Extracted data entries:
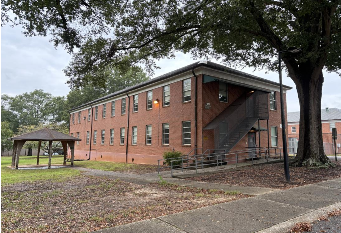
Potential Mural Location: The Hoey Building at Dix Park
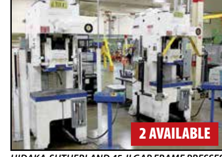
HIDAKA-SUTHERLAND 45-II GAP FRAME PRESSES
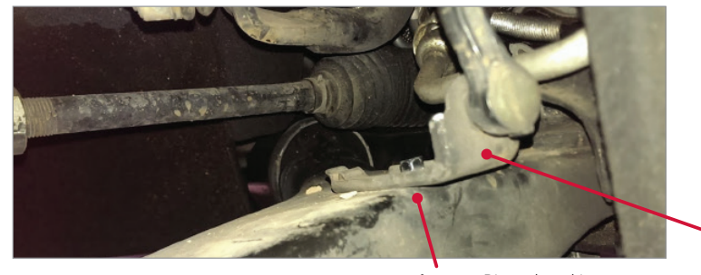
Figure 1: Rivet placed into arm, creating a mounting point for bolt

The mount point for the headlight level sensor via a bracket is the front lower control arm. This bracket is joined to the arm with a rivet nut (see Figure 1). Replacement arms will have a pre-existing locating hole; however, a new rivet nut may not be included (see Figure 2).
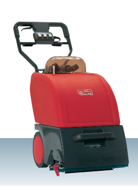
PENGUIN (RA 410 E) Tile-and-grout cleaner Capacity: 9 gal. Tile-and-grout cleaning and restoration.
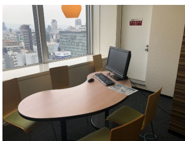
NOVA school classroom (Online lesson room 1)
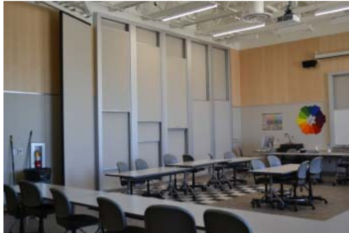
Building 1300 renovated classroom

Fine Arts Remodel – Building 1300: This project included a complete renovation of all existing spaces, expansion of the gallery and minor landscape and exterior upgrades. Project construction was completed in fall 2013 with furniture, fixtures and equipment phase complete in spring 2014. This project is DSA closed and certified. Project is in final financial close out phase.
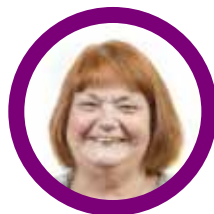
Cllr Christine Ludlow Cabinet Minister for Housing, Chesterfield Borough Council
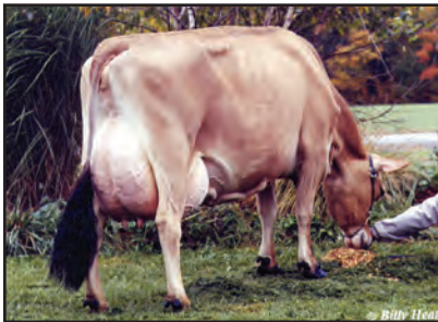
DEN-KEL LEMVIG JELLY-ET Great-Grandam of Lot 23
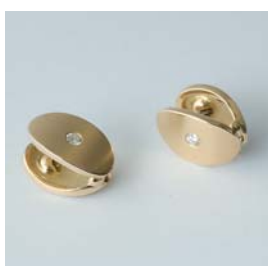
O-5432/1 Ohringe Gg 750/- 2 Brill. TWvs 0.20ct B: 11.3mm / L: 17.1mm
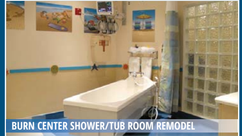
BURN CENTER SHOWER/TUB ROOM REMODEL
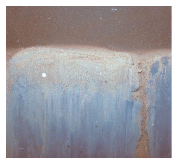
Figure 5. A large vertical burrow, possibly constructed by a mantid shrimp, extends downward through the sediment column

coastal environments. The significance of bioturbation processes in freshwater ecosystems is also well-established (McCall and Tevesz 1982). Several aspects of bioturbation in both saltwater and freshwater environments are acknowledged to be important gaps in the pertinent state of knowledge. First, while the role of infauna (i.e., organisms dwelling in intimate association with the sediment matrix) within the uppermost 30 to 50 cm of the sediment column is relatively well studied, the role of deep-burrowing (>50 cm) invertebrates remains unquantified. For example, echiuran worms are known to build large burrows to a depth of up to 80 cm in muddy sediments (Hughes, Atkinson,
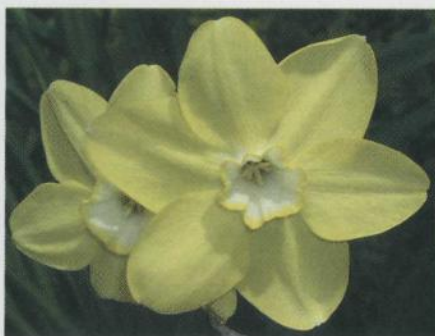
'Lemon Supreme' shot outdoors
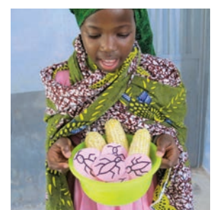
the neighbour finding the ants.
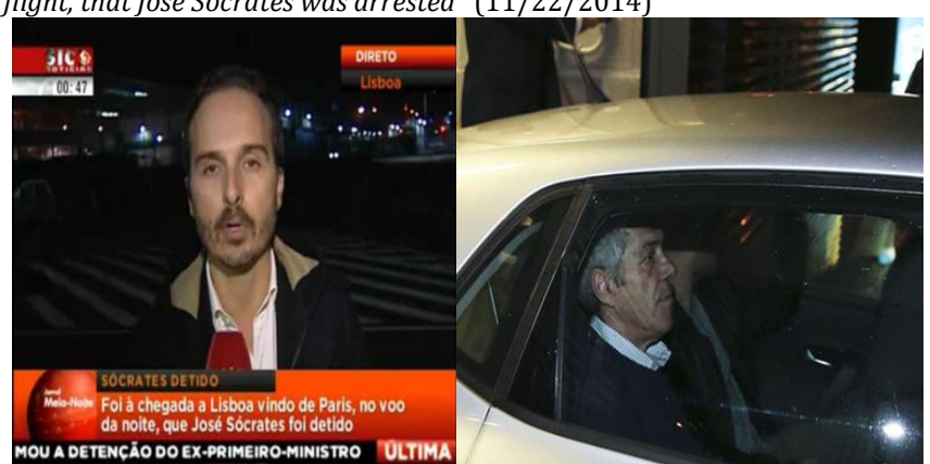
Figure 3 - Arrest of former Prime Minister José Sócrates "It was on his arrival in Lisbon from Paris, on the night flight, that José Sócrates was arrested" (11/22/2014)
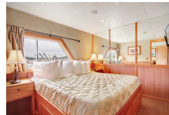
Jr Commodore Cabin
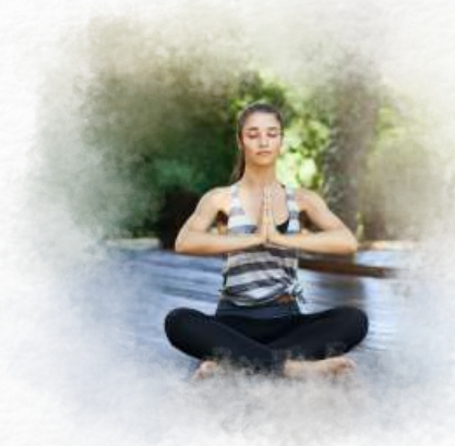
YOGA & MEDITATION PARK
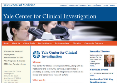
YCCI home page
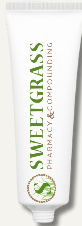
IDOQUINOL 1%/HYDROCORTISONE 0.05% CREAM 30 GM $56

▸ Your assignment:
Set the pictures aside and restate word for word only the lines from the line containing "Supreme' shot outdoors" through the end of the entries above, both included.

▸ Exercise solution:
'Lemon Supreme' shot outdoors
the neighbour finding the ants.
Figure 3 - Arrest of former Prime Minister José Sócrates "It was on his arrival in Lisbon from Paris, on the night flight, that José Sócrates was arrested" (11/22/2014)
Jr Commodore Cabin
YOGA & MEDITATION PARK
YCCI home page
IDOQUINOL 1%/HYDROCORTISONE 0.05% CREAM 30 GM $56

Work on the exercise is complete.